Friday, November 29, 2013

Angels

Angels have a certain ‘currency’ in our pluralist society, which, to the frustration of some, is both post-Christian and post-Secular. The form with which we have envisaged angels has changed many times – angels are ubiquitous, but no longer Victorian angels sitting on clouds wearing white nightgowns and playing harps; which were in their time quite distinct from Mediaeval angels – and this in itself points both to an enduring ‘need’ for angels and to an evolutionary impulse that ensures their survival.

Let’s be honest: our current love of angels owes a lot to Robbie Williams. His career was sinking without trace when ‘Angels’ catapulted him to super-stardom. It is played at christening parties, weddings, and funerals, with ‘angel’ becoming the ‘perfect’ human form – baby, bride, departed loved one – a fantasy. The official video is both revealing and disturbing: Robbie’s angel is a beautiful and passive woman who provides a means of avoiding any troubling introspection. Unlike an ordinary (real) woman, this fantasy does not demand reciprocity, to be treated as a human being; her acceptance of who he is neither asks for nor empowers change, but colludes in the status quo. Here, the salvation being offered is simply the resuscitation of a flagging ego; but there is no possibility of relationship, as we locate ourselves in an eternal present moment, without shared past or hope of a shared future.*

The writers of Dr Who brilliantly subverted the angel image with the Weeping Angels, aliens who take the form of ‘angel’ statues, moving at terrifying speed when their victim blinks – don’t blink! – and killing by transporting you to another time in which to grow old and die, separated from your loved ones. Are angels comforting, or frightening? Perhaps our turning people into angels separates us from the difficult but life-giving relationships with flesh-and-blood humans?

Just up the road from us, in Gateshead, stands the Angel of the North. It is an iconic image of North East England. Sculptor Antony Gormley said this:

“People are always asking, why an angel? The only response I can give is that no-one has ever seen one and we need to keep imagining them. The angel has three functions – firstly a historic one to remind us that below this site coal miners worked in the dark for two hundred years, secondly to grasp hold of the future, expressing our transition from the industrial to the information age, and lastly to be a focus for our hopes and fears – a sculpture is an evolving thing.”

This Angel resonates with our need for angels. But Gormley unpacks that need in terms of a disruption – travellers going about their everyday business pass this angel at a rate of more than one person per second – that connects us to the past, to the future, and to our hopes and fears.

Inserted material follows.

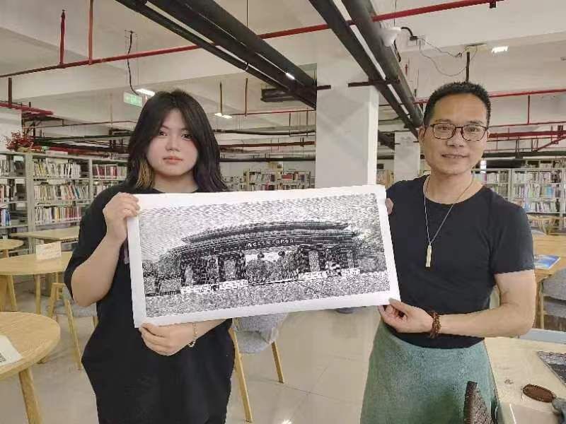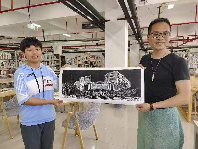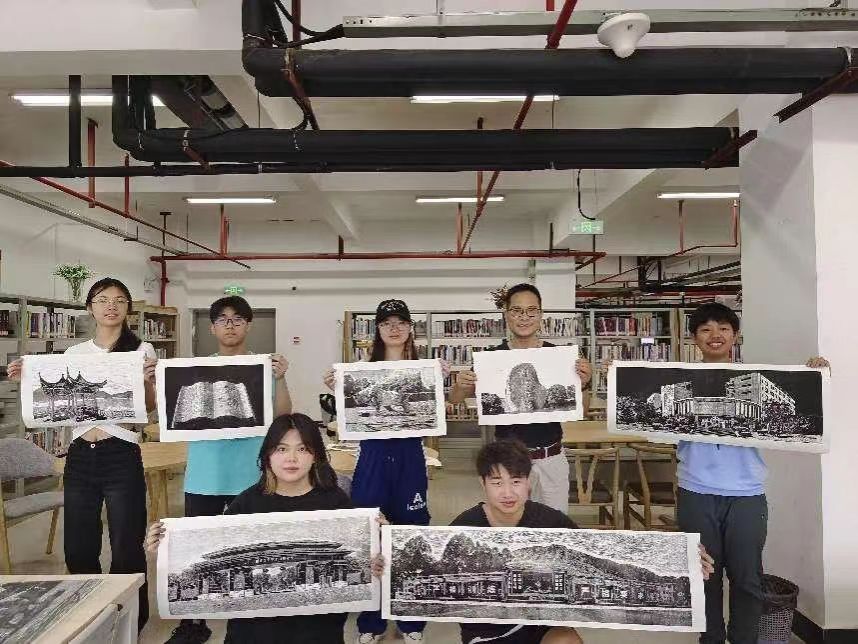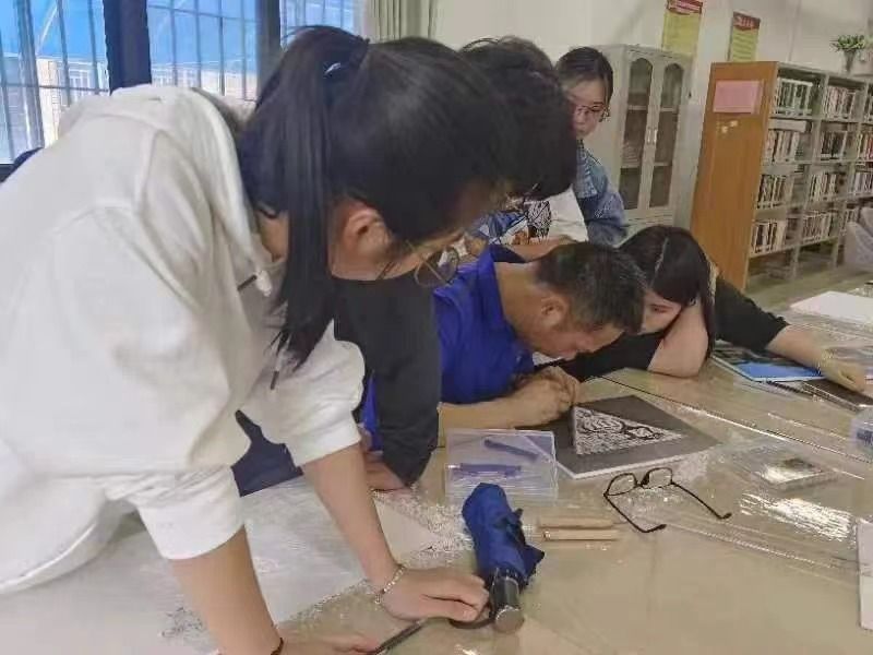 2024年4月24日至5月22日,Beat365中文官方网站第三届美育文化节期间,学院特邀福建省船政版画非遗传承人檀俊灶老师进校,手把手向同学们传授非遗版画传统技艺。参训同学们热情高涨,在紧锣密鼓的短训之后,仅用了一周时间就各自完成了创作,并表示将继续钻研版画技艺,持续创作新的作品。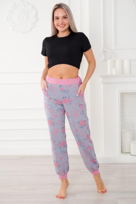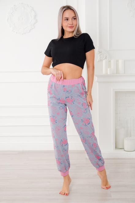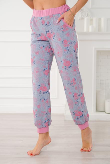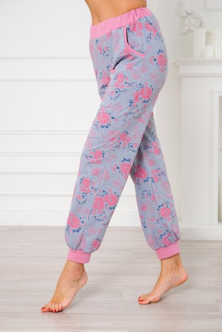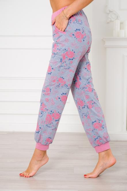 Брюки женские из футера трехнитка с начесом Сова серый меланж

And this disruption, and those particular connections, seem to me to make the Angel a good place to start Advent (which begins on Sunday) – with its stories filled with angels…


*“Desire’s balancing point between past and future means that it can only exist as a gift nourished by a promise.” Revd Dr Jessica Martin, prologue to the Pilling Report (Report of the House of Bishops Working Group on human sexuality), p. xv.